Cost of living squeeze driving staying-in plans for King's Coronation

King's Coronation dining in party plans - Barclays analysis. Pexels/ AP
Just 8% of Brits said they planned to spend money on drinks in a bar or pub during the festivities. Credit: Pexels/ AP

Cash-conscious consumers are planning for nights in over the King's Coronation weekend amid to the cost of living crisis, new figures show.

UK households have been cutting back on food shopping and eating out in March, according to Barclays' latest analysis.

Consumers' card spending grew 4% year-on-year in March - a figure less than half the latest Consumer Prices Index (CPI) rate, the bank's latest report said.

Just over a third of Brits (35%) are planning on spending on activities for the King's Coronation bank holiday weekend.

At least 11% plan to buy food and drink to host friends or family instead, with just 8% planning to spend money on drinks in a bar or pub, Barclays added.

Home improvement and DIY stores however, enjoyed a seasonal boost, while spending on digital content and subscriptions was up 4.1% – its highest year-on-year rise in five months.

Spending on groceries increased 7.1%, well below the latest Office for National Statistics food price inflation rate of 18.2%, as 88% of shoppers say they were concerned about rising food prices and 62% reported finding ways to reduce the cost of their weekly shop.

More than half of those seeking savings (53%) said they were cutting down on luxuries or one-off treats for themselves while 38% said they were planning meals in advance to avoid wasting food or using vouchers to get money off their grocery bill.

Spending on utilities was up 39.3% on last year as cold weather persisted into March and households kept their heating on.

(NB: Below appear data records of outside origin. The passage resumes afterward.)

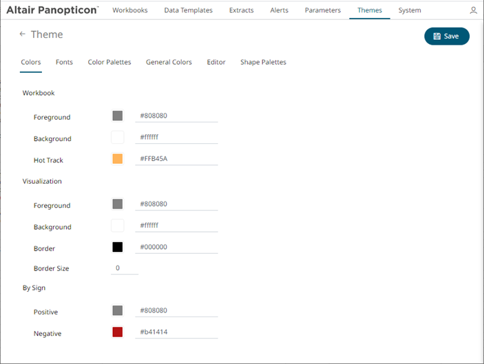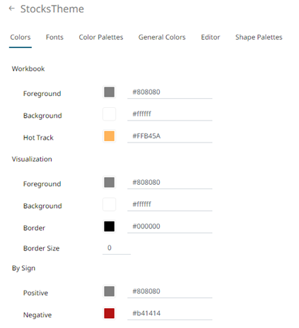 Creating a new theme allows setting the colors, fonts, color palettes, general colors, and shape palettes to be used in workbooks and visualizations.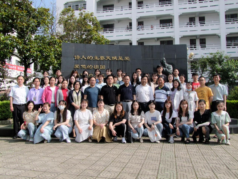 闻一多中学书记程保铭、董事长郑细林,浠水县教研室负责人高中语文教研员胡仕雄热情接待了大家,师生们参观了闻一多纪念碑廊、闻一多书画展览馆,并在闻一多雕像前合影留念。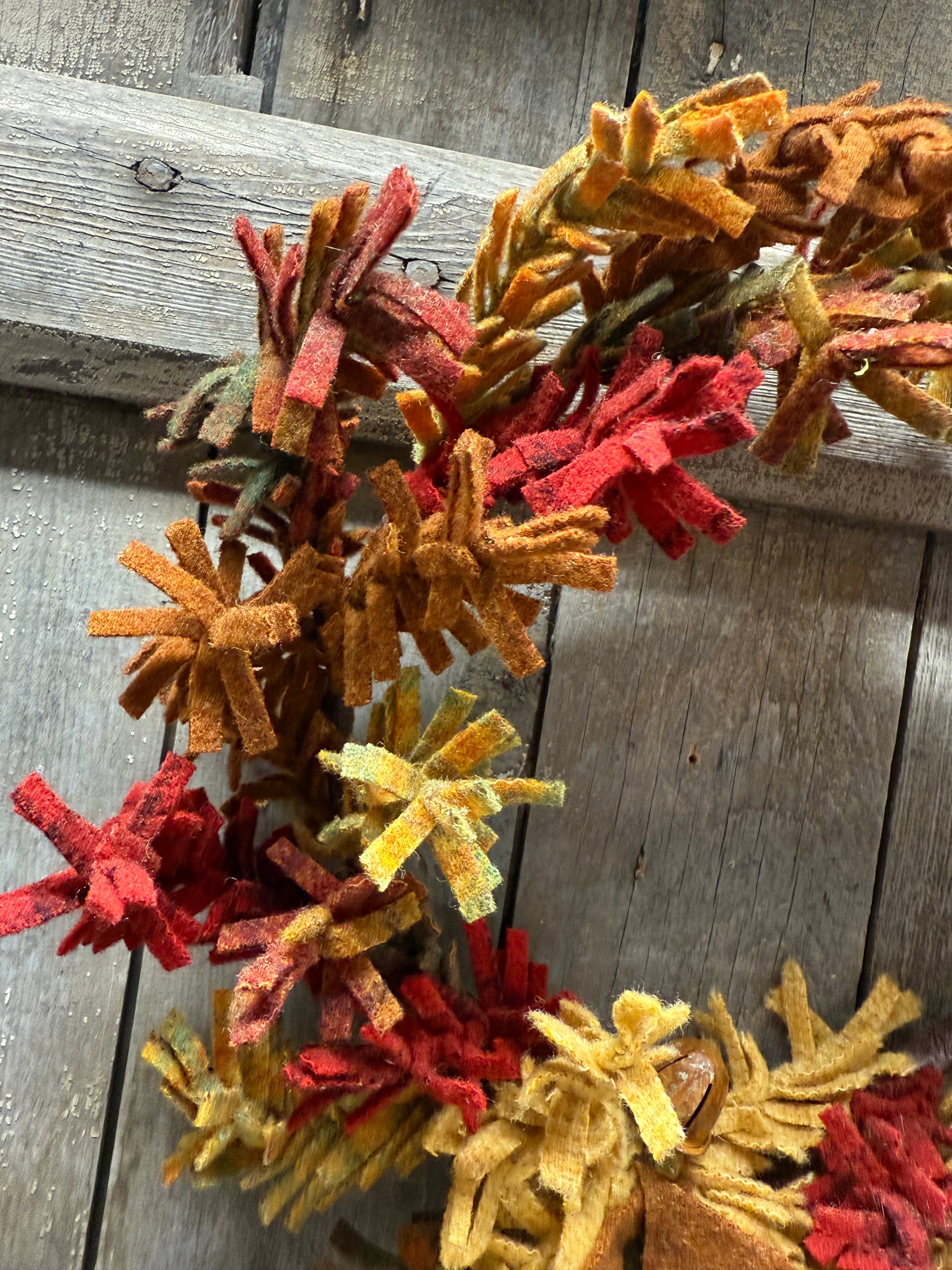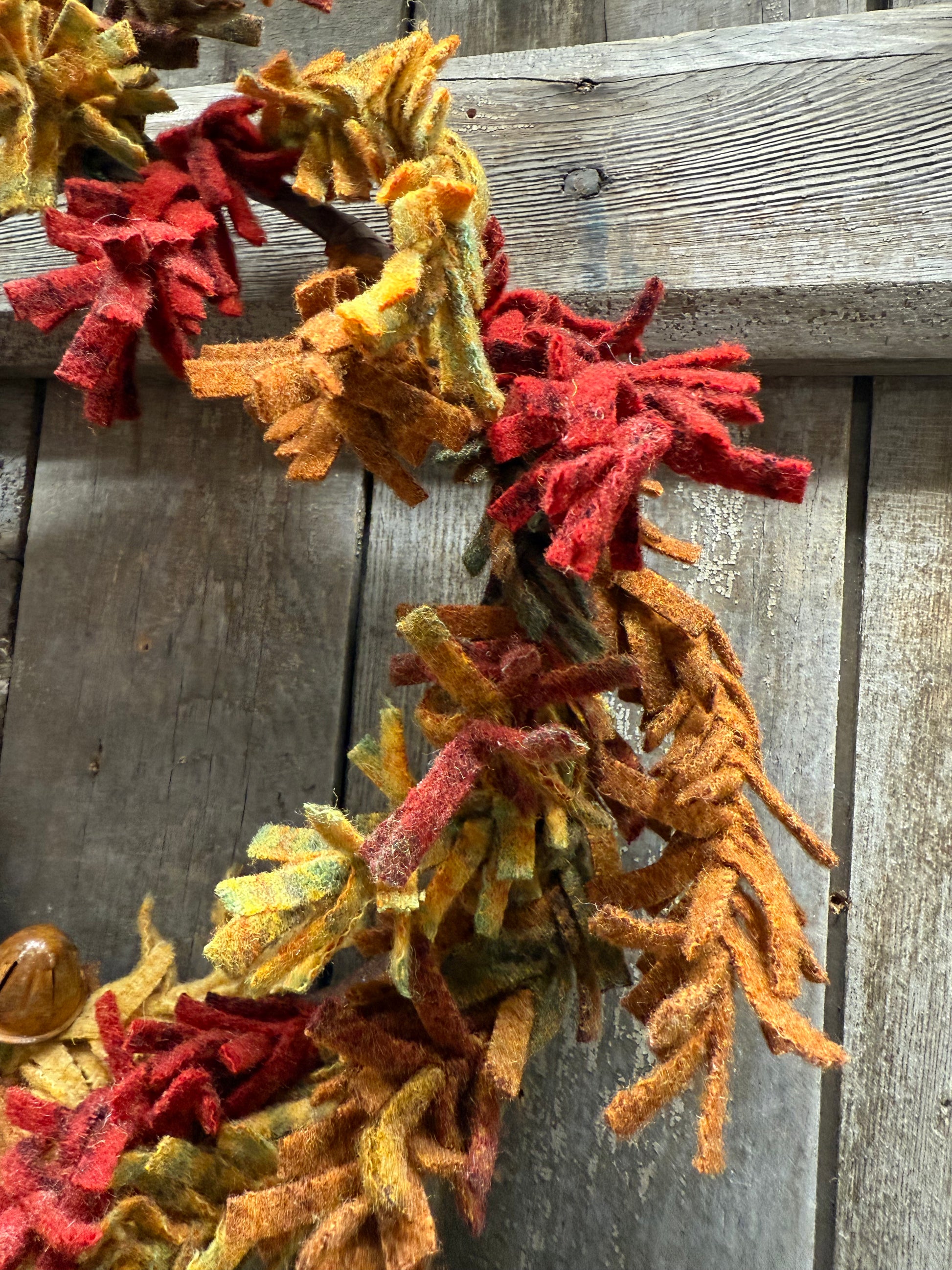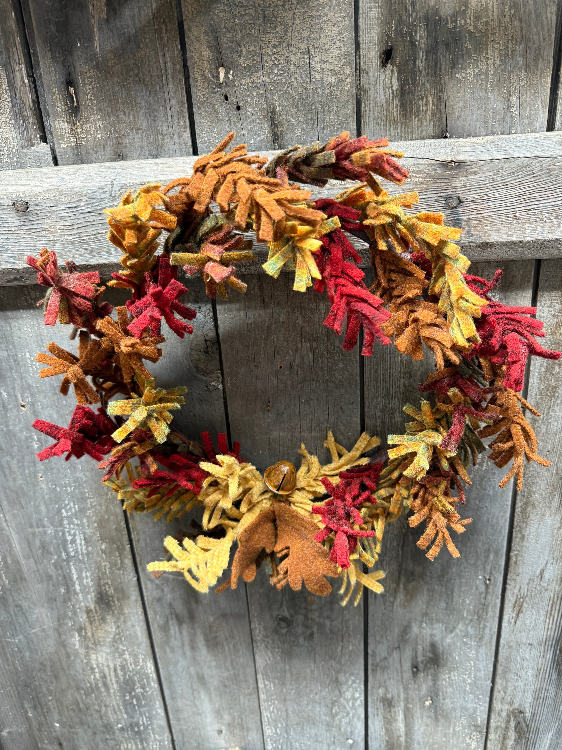 This 100% wool wreath is made lovingly by hand. Each branch is twisted and turned and attached to a backer frame. A set of wool leaves and a rusty acorn bell adorn the bottom. Varying colors and pattern of wool create a lovely mix of Autumn colors. Made to order. Please expect 2 weeks for delivery.

Household bills have continued to rise. Credit: PA

As household bills continued to rise, 54% of consumers said they were cutting down on discretionary spending, especially eating out at restaurants (62%) and buying new clothes and accessories (63%).

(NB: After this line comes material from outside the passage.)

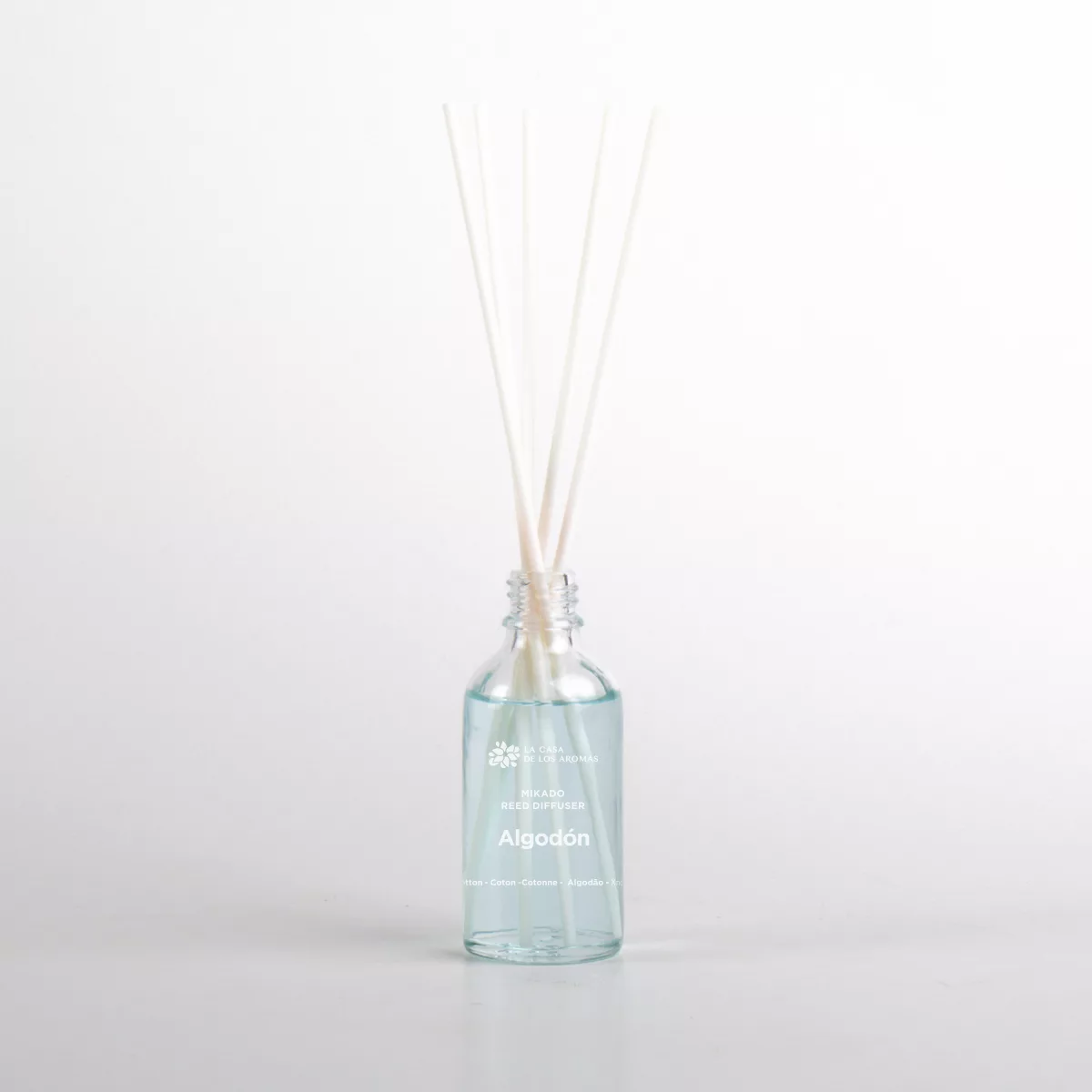 Retirar el tapón de la botella. Colocar las varillas en el recipiente para que absorban la fragancia Mikado Intense Flor de Algodón. Girar boca abajo las varillas para aumentar la intensidad.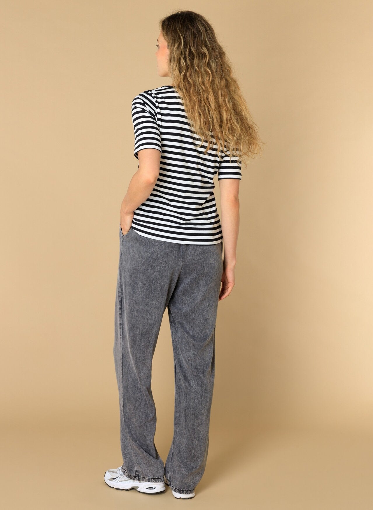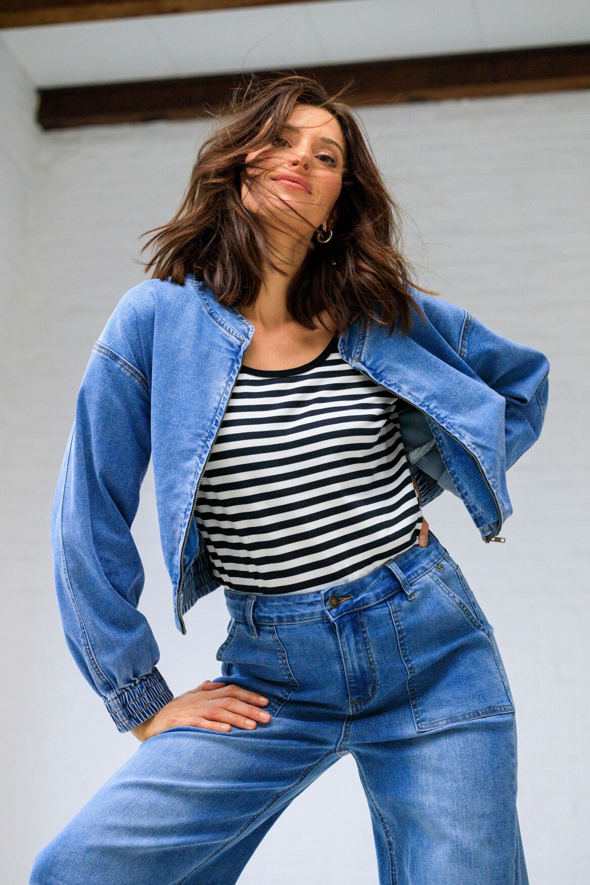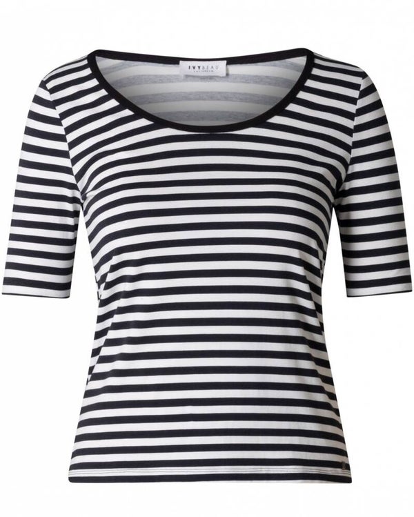 Esha bewijst dat een basic allesbehalve saai hoeft te zijn. De zwart-witte streep, zachte stretchjersey en vrouwelijke ronde hals zorgen voor een fijne fit met eindeloze combinatiemogelijkheden. Makkelijk, flatterend en met een vleugje Parijse nonchalance.

Esme Harwood, director at Barclays, said: “The below-inflation rise in grocery spending shows that Brits are still trying their hardest to shave money off their weekly shop, as energy bills continue to rise.

“Cutbacks are also impacting restaurants, with a number of cash-strapped consumers even avoiding social plans that involve meals out.

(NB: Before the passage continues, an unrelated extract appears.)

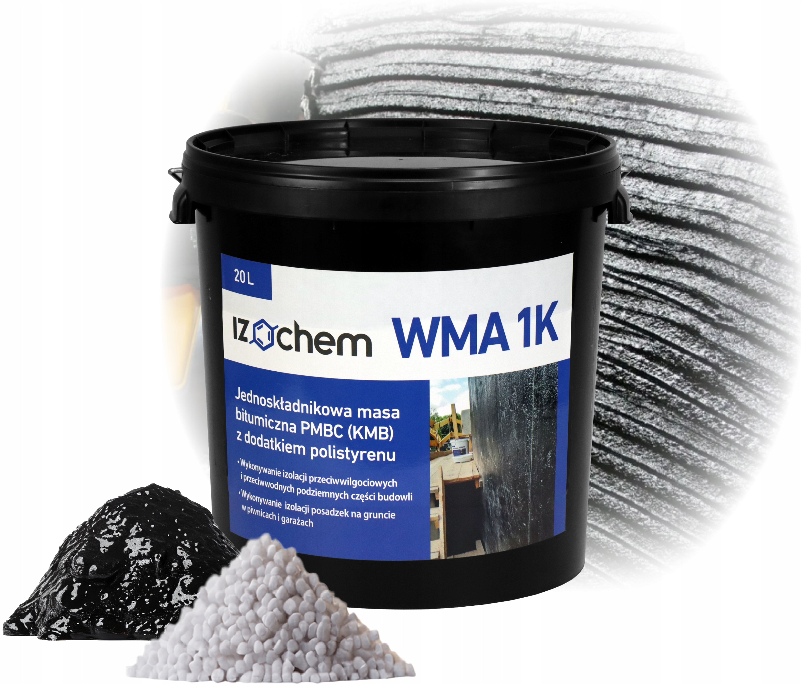 Izochem WMA 1K - однокомпонентна асфальтогумова маса ПМБЦ (КМБ), модифікована полімерами, з додаванням регранулату полістиролу, для гідроізоляції.

“Hospitality and leisure businesses will be hoping that the busy bank holiday period provides a boost to counteract consumers’ everyday cost-savings.

“While predictions for the Coronation weekend are lacklustre, the results from Mother’s Day are more encouraging, demonstrating that Brits are still taking advantage of one-off moments to go out and celebrate.”

Opinium surveyed 2,000 respondents between March 24-28.